Severe acute respiratory syndrome (SARS), an atypical pneumonia of unknown aetiology, was recognized as a global threat in mid-March 2003. To minimize transmission to others, the best strategy is to separate the suspects from others.
In the Not-Spreading-Your-Sickness University (NSYSU), there are many student groups. Students in the same group intercommunicate with each other frequently, and a student may join several groups. To prevent the possible transmissions of SARS, the NSYSU collects the member lists of all student groups, and makes the following rule in their standard operation procedure (SOP).

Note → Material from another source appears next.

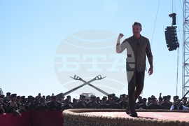 Vice President JD Vance, fourth from right on the platform, watches a demonstration by Marines during activities to mark the upcoming Marine Corps' 250th anniversary Saturday, Oct 18, 2025, on Marine Corps Base Camp Pendleton in Camp Pendleton, Calif. (AP Photo/Gregory Bull)

Once a member in a group is a suspect, all members in the group are suspects.
However, they find that it is not easy to identify all the suspects when a student is recognized as a suspect. Your job is to write a program which finds all the suspects.
Input
The input file contains several cases. Each test case begins with two integers n and m in a line, where n is the number of students, and m is the number of groups. You may assume that 0 < n <= 30000 and 0 <= m <= 500. Every student is numbered by a unique integer between 0 and n−1, and initially student 0 is recognized as a suspect in all the cases. This line is followed by m member lists of the groups, one line per group. Each line begins with an integer k by itself representing the number of members in the group. Following the number of members, there are k integers representing the students in this group. All the integers in a line are separated by at least one space.
A case with n = 0 and m = 0 indicates the end of the input, and need not be processed.
Output
For each case, output the number of suspects in one line.
Sample Input
100 4
2 1 2
5 10 13 11 12 14
2 0 1
2 99 2
200 2
1 5
5 1 2 3 4 5
1 0
0 0
Sample Output
4
1
1
题意：一共有n个人（编号从1到n），m个社团，编号为1的人是感染体，和感染体在一个社团的都被怀疑为感染体，一共多少感染的？

#include<iostream>
using namespace std;
int pre[30005],num[30005],x,y,k,n,m,cnt;
int find(int x){
	if(x==pre[x]) return x;
	else return pre[x]=find(pre[x]);
}
void merge(int x,int y){
	int fx=find(x);
	int fy=find(y);
	if(fx!=fy) {
		pre[fx]=fy;
		num[fy]+=num[fx];
		/*增加了这一步，若fx的祖先是fy，
		那么fx带着他的小弟们投靠祖先fy,fy人数相应的增加 */ 
	}
}
void init(){
	cnt=0;
	for(int i=0;i<n;i++) 
	{
		pre[i]=i;
		num[i]=1;//一开始每个人是自己祖先，统领的人数只有自己，也就是 1 
	 } 
	for(int i=1;i<=m;i++){
		scanf("%d",&k);
		scanf("%d",&y);
		for(int i=1;i<k;i++){
			scanf("%d",&x);
			merge(x,y);//我这里相当于把每个社团的第一个人y当做这个社团的祖先 
		}
	}
}
int main(){
	while(scanf("%d %d",&n,&m)&&(n||m)){
		init();
		int v=find(0);
		printf("%d\n",num[v]); 
	}
}